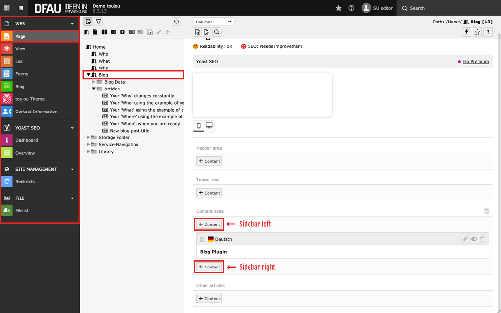 - To create a sidebar on the left side of your blog posts, click + Content above the already existing plugin. To create a sidebar on the right side of your blog posts, click on + Content below the already existing plugin.
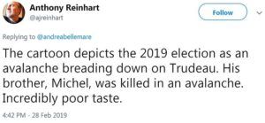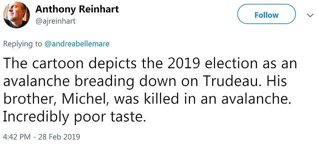 Many took issue with the cartoon, citing the death of Trudeau’s youngest brother – Michel. In 1998, Michel Trudeau was presumed drowned in the Kokanee Lake after [an avalanche swept him] off the Kokanee Glacier Park trail in British Columbia, the CBC reports.
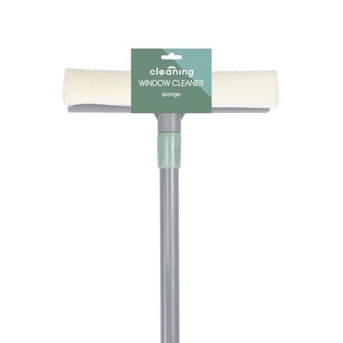 JVL Extendable Sponge Window Cleaner with Telescopic Handle, Streak-Free Glass Cleaning Tool - Grey
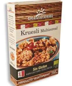 El Kruesli Multicereal de Oleander Bio ofrece un desayuno ideal, sabroso y saludable, proporcionando fibra y Omega 3, además de un alto contenido proteínico. Servir al gusto con leche o yogur y fruta.
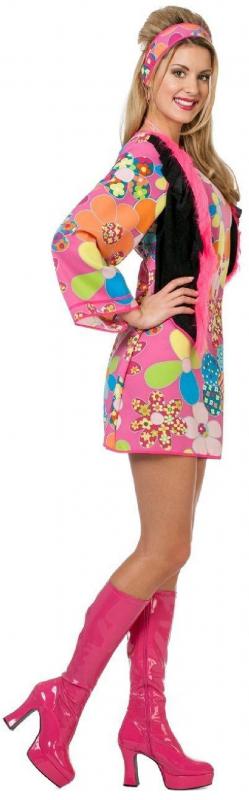 Kostüm besteht aus einem Hippiekleid mit angenähte Weste und Kopftuch
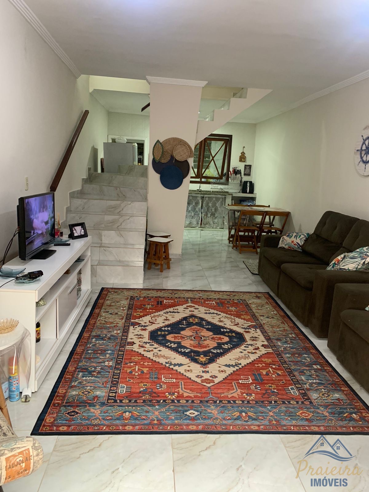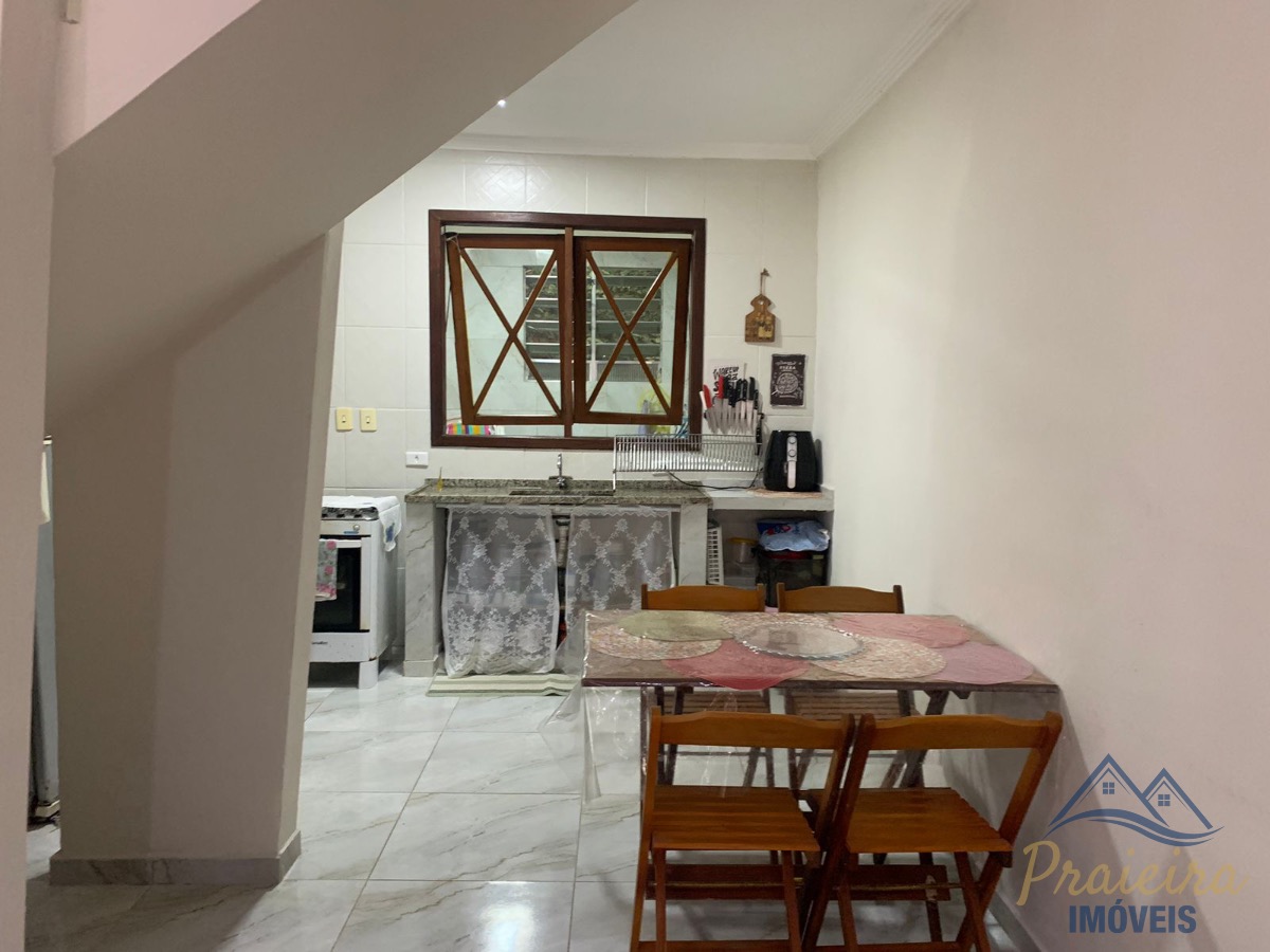 Possui sala e cozinha integradas, lavabo, área de serviço e duas suítes amplas no piso superior. Na parte externa, conta com terraço e churrasqueira privativa, além de uma vaga de garagem.
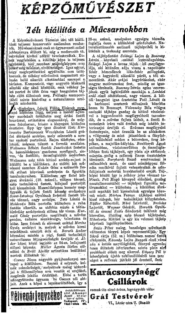 Pesti Hirlap. Report on the Winter Exhibition, where de László exhibited a portrait of Marshal Lyautey [6118]
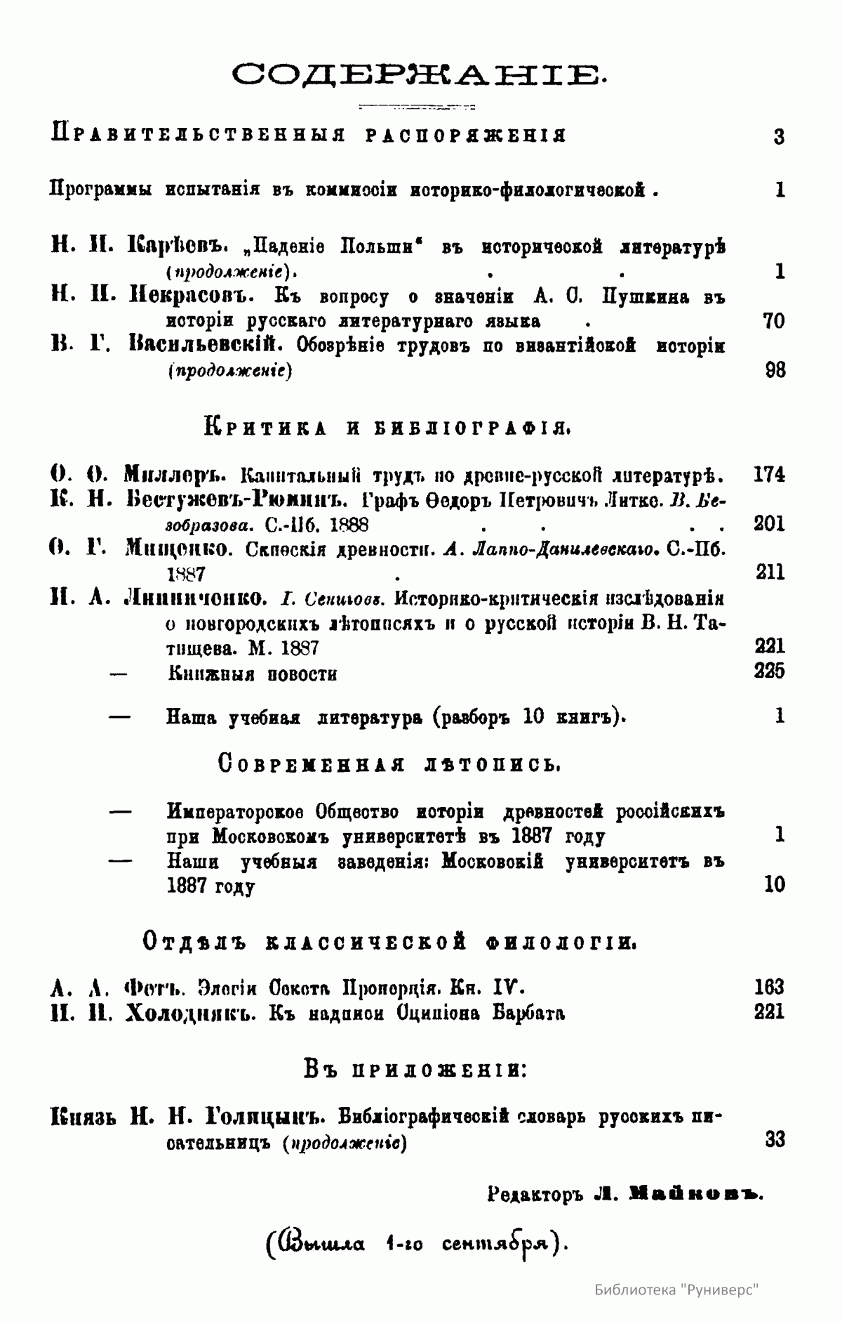 С 1864 года стали выходить указатели к повременным изданиям Министерства народного просвещения начиная с 1803 года.
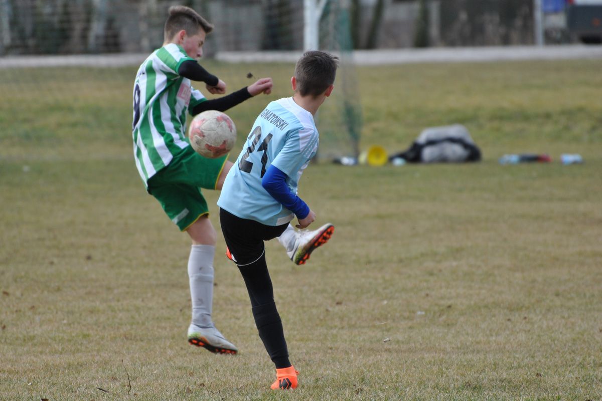 Od samego początku pogoda nie rozpieszczała zawodników Orląt. Największym przeciwnikiem tego spotkania był silny wiatr, który utrudniał rozgrywanie piłki. Orlęta miały kilka dobrych akcji ale nie potrafili ich wykorzystać. Dobrze na bramce spisywał się Tymoteusz, który obronił dużą ilość strzałów. Obrońcy oraz środkowi pomocnicy również grali bez zarzutów. Niestety jeszcze w pierwszej połowie przeciwnik lekkim uderzeniem umieszcza piłkę w naszej bramce.
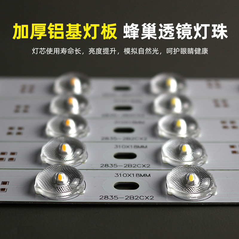 客厅吸顶灯替换灯条采用高品质LED透镜光源,具有高亮度、低能耗、长寿命等特点,节能环保,显色指数高,光线柔和均匀。支持三色变光(暖光、中性光、白光),可根据不同场景自由调节,营造舒适氛围。灯带设计为长条形改造灯板,适配多种吸顶灯结构,安装简便,无需更换整灯即可实现升级。采用优质铝材散热,运行稳定,不易频闪,保护视力。适用于客厅、卧室、书房等空间,是传统光源的理想替代品,既提升照明效果,又降低电费支出,是现代家居照明的优选方案。
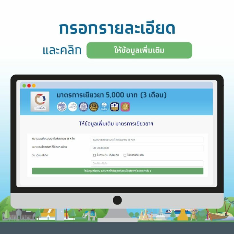 ส่งข้อมูลเพิ่มเติมเราไม่ทิ้งกัน – จากกรณีผู้ได้รับผลกระทบจากโควิด-19 ที่ไม่ได้อยู่ในระบบประกันสังคม รัฐเปิดให้ลงทะเบียนผ่านเว็บไซต์ www.เราไม่ทิ้งกัน.com โดยวันที่ 13-14 เมษายนนี้ คลังจะทะยอยโอนเงิน 5,000 บาทให้กับผู้ได้รับสิทธิ์อีก วันละ 300,000 คน
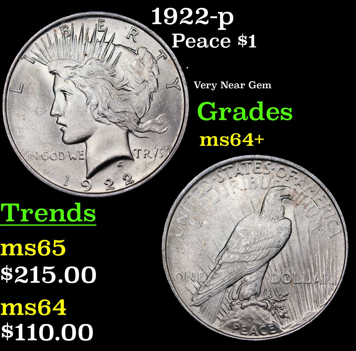 1922-p Peace Dollar $1 Grades Choice+ Unc.

──────

Instructions to follow
From the line containing "客厅吸顶灯替换灯条采用高品质" to the last line of the entries, output every line exactly as written, but leave out the pictures.

Response to the exercise
 客厅吸顶灯替换灯条采用高品质LED透镜光源,具有高亮度、低能耗、长寿命等特点,节能环保,显色指数高,光线柔和均匀。支持三色变光(暖光、中性光、白光),可根据不同场景自由调节,营造舒适氛围。灯带设计为长条形改造灯板,适配多种吸顶灯结构,安装简便,无需更换整灯即可实现升级。采用优质铝材散热,运行稳定,不易频闪,保护视力。适用于客厅、卧室、书房等空间,是传统光源的理想替代品,既提升照明效果,又降低电费支出,是现代家居照明的优选方案。
 ส่งข้อมูลเพิ่มเติมเราไม่ทิ้งกัน – จากกรณีผู้ได้รับผลกระทบจากโควิด-19 ที่ไม่ได้อยู่ในระบบประกันสังคม รัฐเปิดให้ลงทะเบียนผ่านเว็บไซต์ www.เราไม่ทิ้งกัน.com โดยวันที่ 13-14 เมษายนนี้ คลังจะทะยอยโอนเงิน 5,000 บาทให้กับผู้ได้รับสิทธิ์อีก วันละ 300,000 คน
 1922-p Peace Dollar $1 Grades Choice+ Unc.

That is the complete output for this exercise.